The Albatross thus returned to the height she seemed to prefer, and her propellers beginning again, drove her off to the southwest.
“Now, sirs, if that is what you wanted you can reply.” Then, leaning over the rail, he remained absorbed in contemplation.
When he raised his head the president and secretary of the Weldon Institute stood by his side.
“Engineer Robur,” said Uncle Prudent, in vain endeavoring to control himself, “we have nothing to ask about what you seem to believe, but we wish to ask you a question which we think you would do well to answer.”
“Speak.”
“By what right did you attack us in Philadelphia in Fairmount Park? By what right did you shut us up in that prison? By what right have you brought us against our will on board this flying machine?”
“And by what right, Messieurs Balloonists, did you insult and threaten me in your club in such a way that I am astonished I came out of it alive?”
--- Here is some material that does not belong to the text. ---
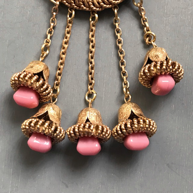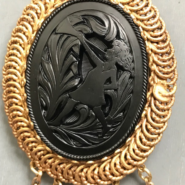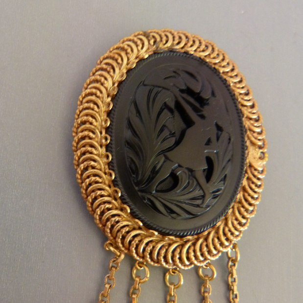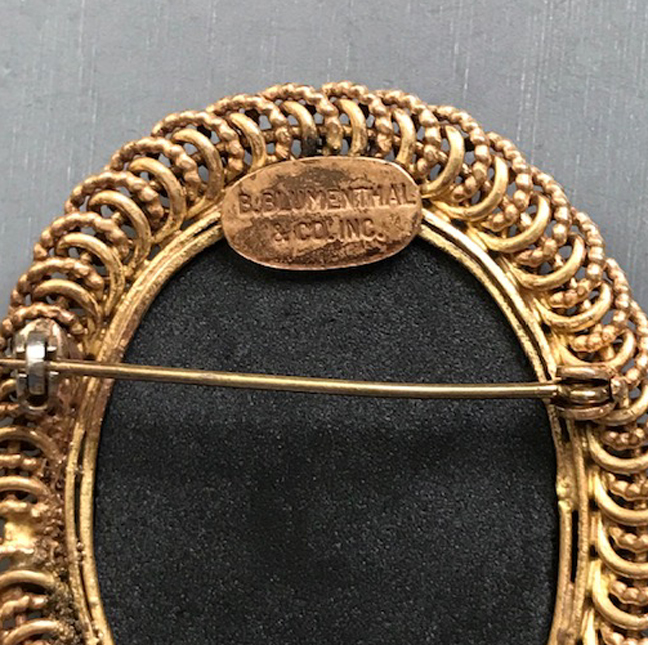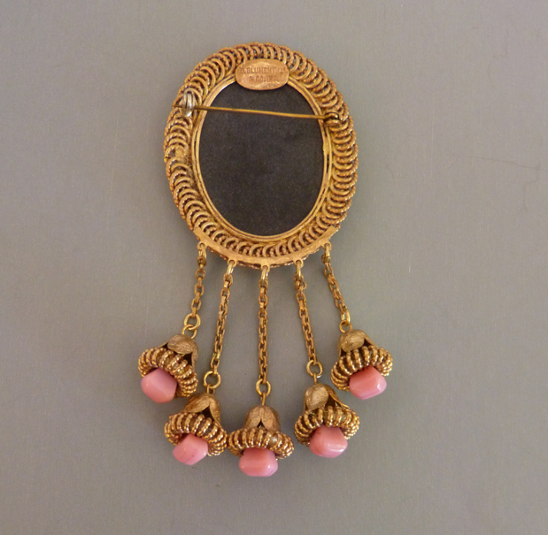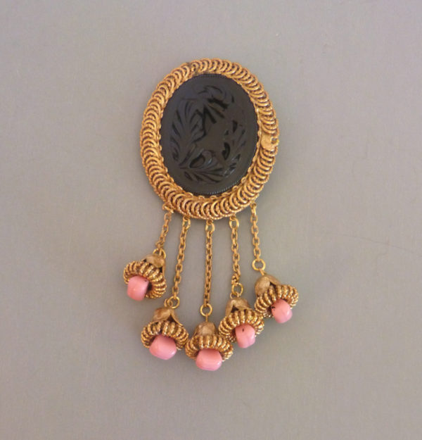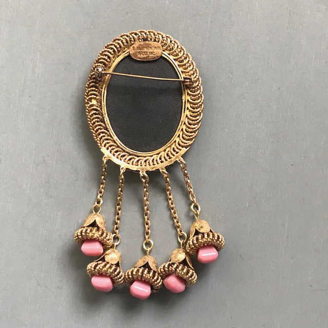 BLUMENTHAL & Co Inc pink and black brooch with a molded glass sceneProduct #X65166 All items in excellent vintage condition unless otherwise noted.

“To ask is not to answer,” said Phil Evans, “and I repeat, by what right?”
“Do you wish to know?”
“If you please.”
“Well, by the right of the strongest!”
“That is cynical.”
“But it is true.”
“And for how long, citizen engineer,” asked Uncle Prudent, who was nearly exploding, “for how long do you intend to exercise that right?”
“How can you?” said Robur, ironically, “how can you ask me such a question when you have only to cast down your eyes to enjoy a spectacle unparalleled in the world?”
The Albatross was then sweeping across the immense expanse of Lake Ontario. She had just crossed the country so poetically described by Cooper. Then she followed the southern shore and headed for the celebrated river which pours into it the waters of Lake Erie, breaking them to powder in its cataracts.
In an instant a majestic sound, a roar as of the tempest, mounted towards them and, as if a humid fog had been projected into the air, the atmosphere sensibly freshened. Below were the liquid masses. They seemed like an enormous flowing sheet of crystal amid a thousand rainbows due to refraction as it decomposed the solar rays. The sight was sublime.
Before the falls a foot-bridge, stretching like a thread, united one bank to the other. Three miles below was a suspension-bridge, across which a train was crawling from the Canadian to the American bank.
“The falls of Niagara!” exclaimed Phil Evans. And as the exclamation escaped him, Uncle Prudent was doing all could do to admire nothing of these wonders.
A minute afterwards the Albatross had crossed the river which separates the United States from Canada, and was flying over the vast territories of the West.